*** Raw data
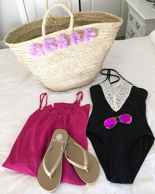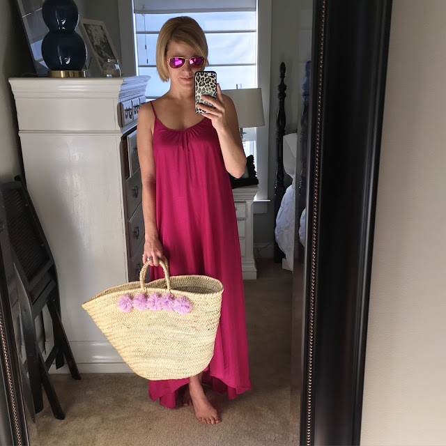 Maxi Dress– runs large so size down!! I am wearing the xs and still have lots of room. // Tote (sold out) here with different color poms // Sunglasses – perfect for a smaller face!
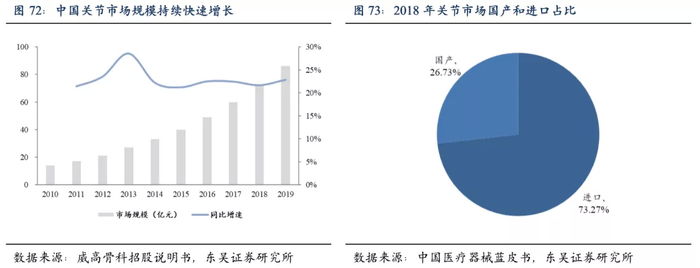 关节类作为骨科植入物中技术难度最高的细分领域,一直由外资占据主导,关节市场国产份额仅为26.73%,进口替代空间广阔。另外关节类产品主要用于关节置换手术,因此关节手术量与行业规模直接相关。按2018年中国人口计算,中国髋关节手术量每十万人只有31例,中国膝关节手术量每十万人只有19例,与欧美发达国家相差甚远。因此,我国的关节手术量还有相当大的提升潜力,预计随着中国医疗体系完善和居民健康意识的提升,未来中国关节手术渗透率将快速提升,推动关节行业规模继续快速增长。
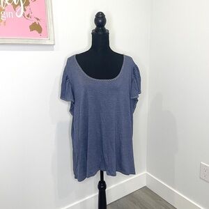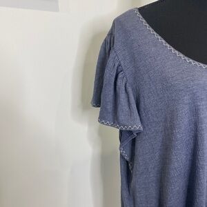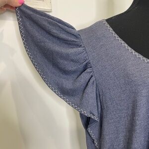 NWT - Max Studio Denim-Like Round Neck Short Ruffle Sleeve Top
******
# About this task:
Drop the pictures, then write out only the lines running from the one containing "关节类作为骨科植入物中技术难" through the last line above, both included, exactly.

# Answer box:
 关节类作为骨科植入物中技术难度最高的细分领域,一直由外资占据主导,关节市场国产份额仅为26.73%,进口替代空间广阔。另外关节类产品主要用于关节置换手术,因此关节手术量与行业规模直接相关。按2018年中国人口计算,中国髋关节手术量每十万人只有31例,中国膝关节手术量每十万人只有19例,与欧美发达国家相差甚远。因此,我国的关节手术量还有相当大的提升潜力,预计随着中国医疗体系完善和居民健康意识的提升,未来中国关节手术渗透率将快速提升,推动关节行业规模继续快速增长。
 NWT - Max Studio Denim-Like Round Neck Short Ruffle Sleeve Top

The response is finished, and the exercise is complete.